Nine people have been sentenced for the operation of an illegal waste site in rural Lincolnshire, hiding the evidence physically and behind a screen of falsified paperwork.
The defendants were sentenced at Nottingham Crown Court to a collective 11 years of imprisonment, including three family members who controlled the illegal waste site at Long Bennington alongside the A1 between Newark and Grantham.

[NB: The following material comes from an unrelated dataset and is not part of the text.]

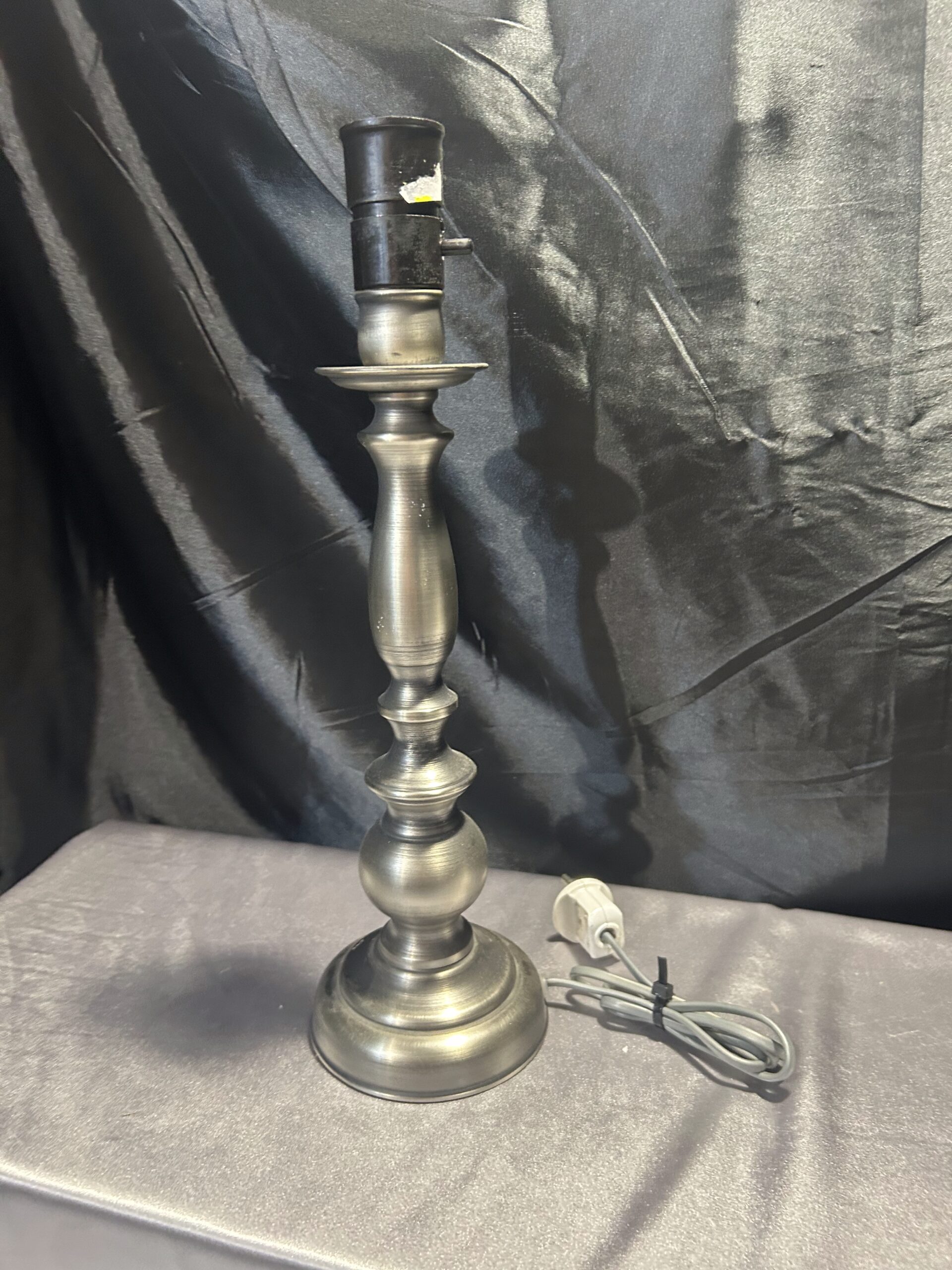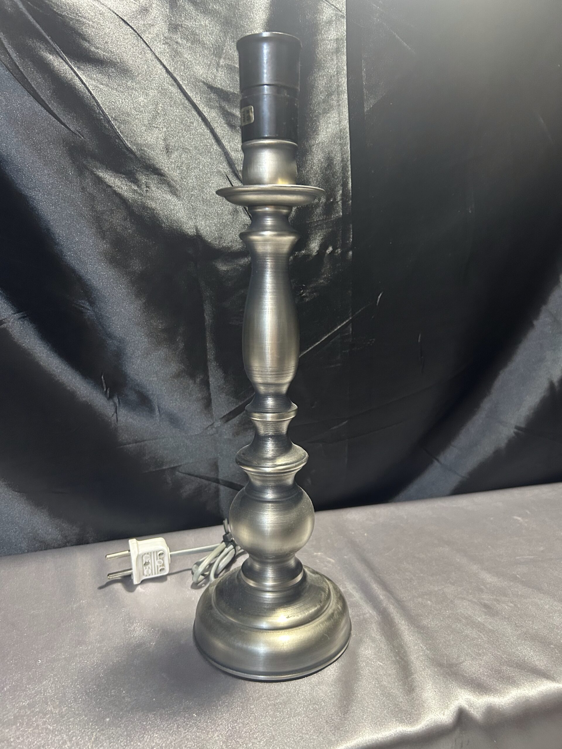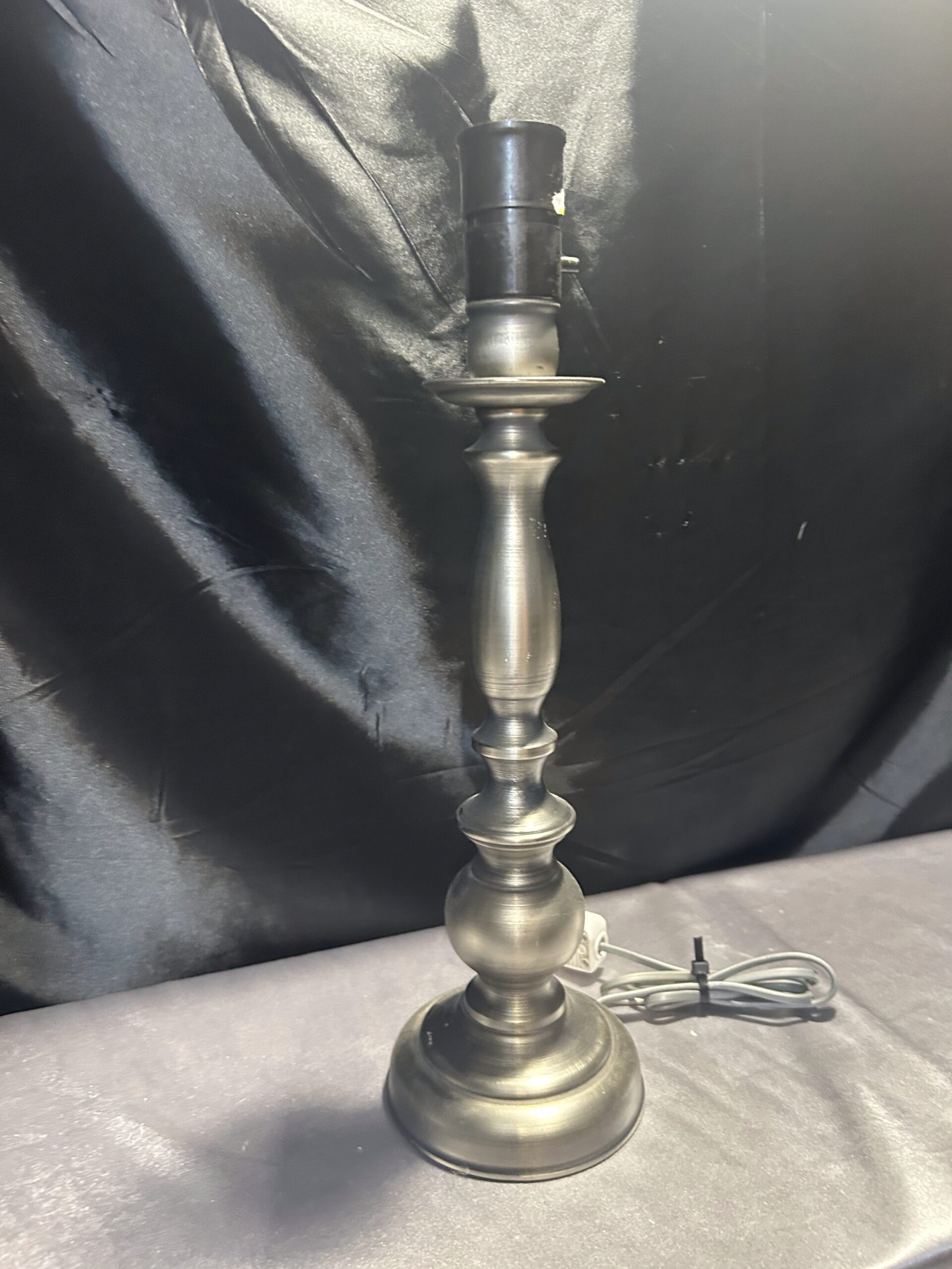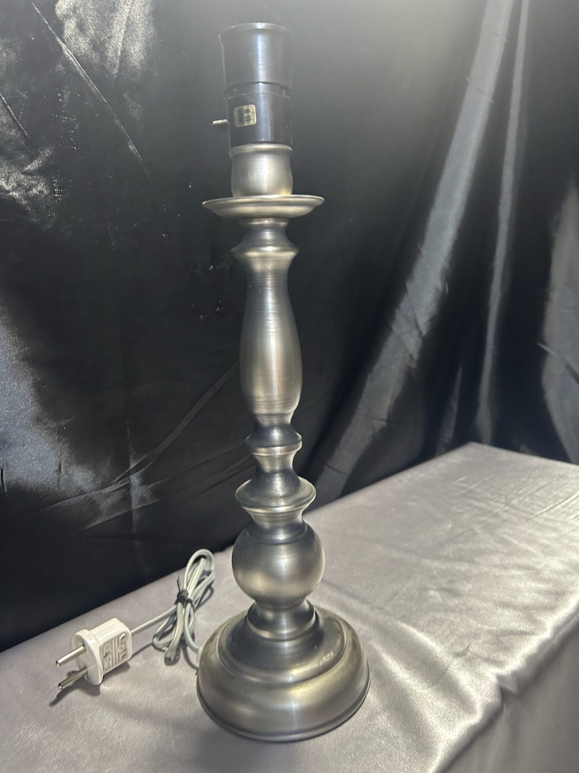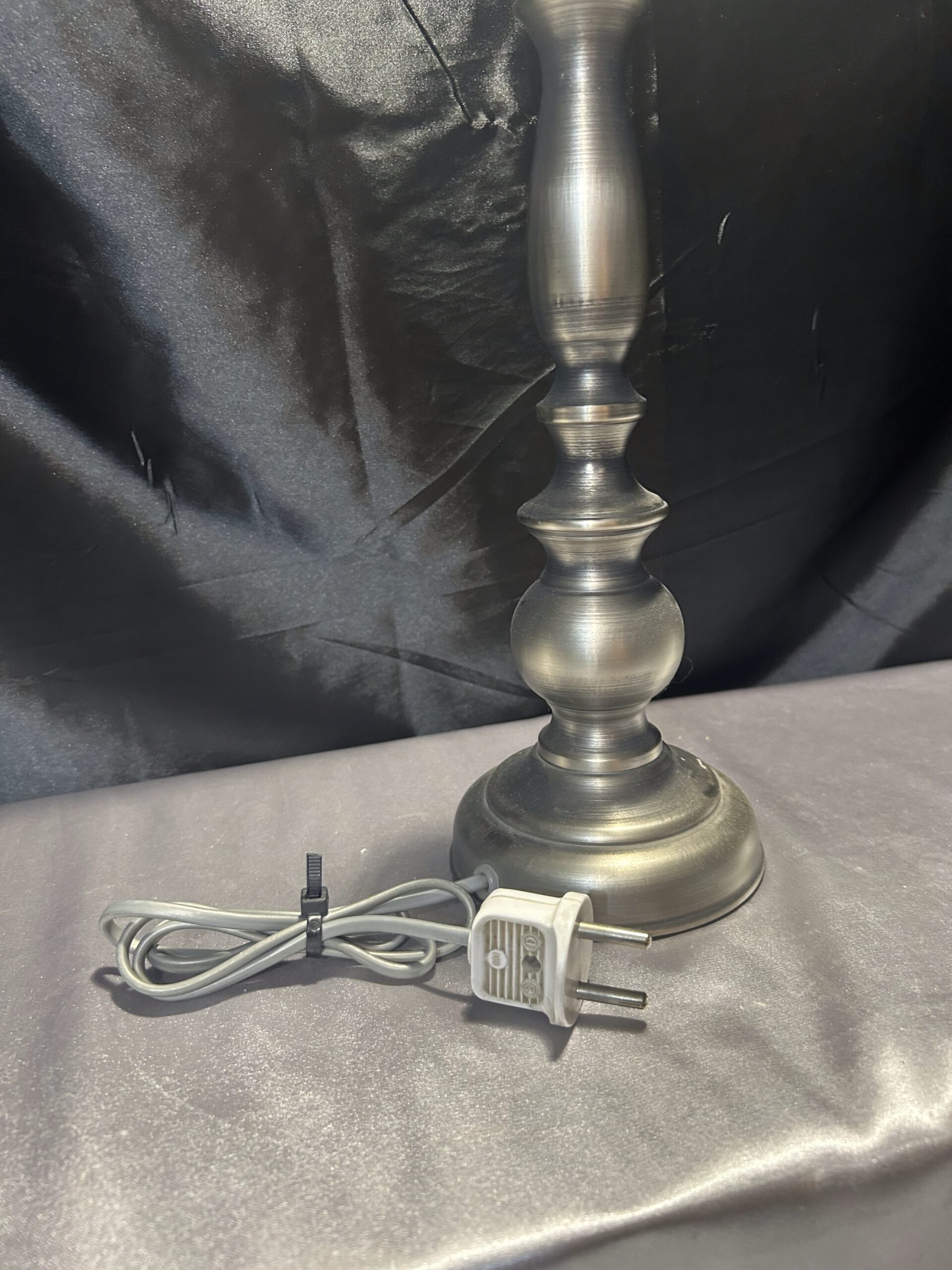 Tagi: 252/24, elegancka lampa, lampa stojąca, lampka na komodę, lampka na szafkę, metalowa lampa, oświetlenie wnętrz, srebrna lampa, toczony kształt

- Paul Canner, 53, of Main Road, Bilstone, Nuneaton, was sentenced to 26 months’ immediate imprisonment.
- His wife Judith Canner, 55,of the same address was sentenced to 16 months’ immediate imprisonment.
- Their son Joshua Canner, 29, of Laburnum Avenue, Newbold Verdon was sentenced to 16 months’ immediate imprisonment.
- Sonial Surpal, 52 of Round House Road, Coventry, was sentenced to 13 months’ immediate imprisonment.
- Luke Woodward, 37, of Willow Road, Nuneaton, was sentenced to 11 months’ immediate imprisonment.
- Marcus Chapman, 39, of Egmanton Drive, Mansfield, was sentenced to 12 months’ imprisonment, suspended for 18 months. He has been ordered to do 200 hours of unpaid work.
- Peter Wainwright, 32, of Dexter Lane, Hurley, Atherstone, Warwickshire, was sentenced to 16 months’ immediate imprisonment.
- Nathan Jones, 43, of Carnation Road, Shirebrook, Mansfield, was sentenced to 16 months’ immediate imprisonment.
- Daniel Lippitt, 55, of Lubbersthorpe Road, Leicester, was sentenced to nine months’ imprisonment, suspended for 18 months. He has been ordered to do 200 hours of unpaid work.
- Landowners James Baggeley, 38, of Back Lane, Foston, and Marc Greenfield, 46, of Fosse Road, Brough, will be sentenced on 16 December 2024, as will Robert Malone, 41, of Ribble Prospect, Clitheroe, the sole director of NWR 2004 Limited, and Fletcher Plant Limited, the latter two after proceeds of crime investigations have been completed.
Environment Agency officers conducted a raid on the site in April 2020 with Lincolnshire Police. Intelligence revealed lorry-loads of shredded waste were regularly being accepted onto the site the size of a football pitch.
Waste was burned daily and buried. This activity intensified during the first Coronavirus lockdown in March 2020, and so action was taken to bring it to a halt.
Environment Agency officers also seized an excavator and a lorry which were actively depositing more waste at the site when officers arrived. Two arrests were made.
The prosecution was brought against individuals that ran the illegal waste site; burned the waste; drove waste to the site and the landowners. Two waste brokers were also prosecuted.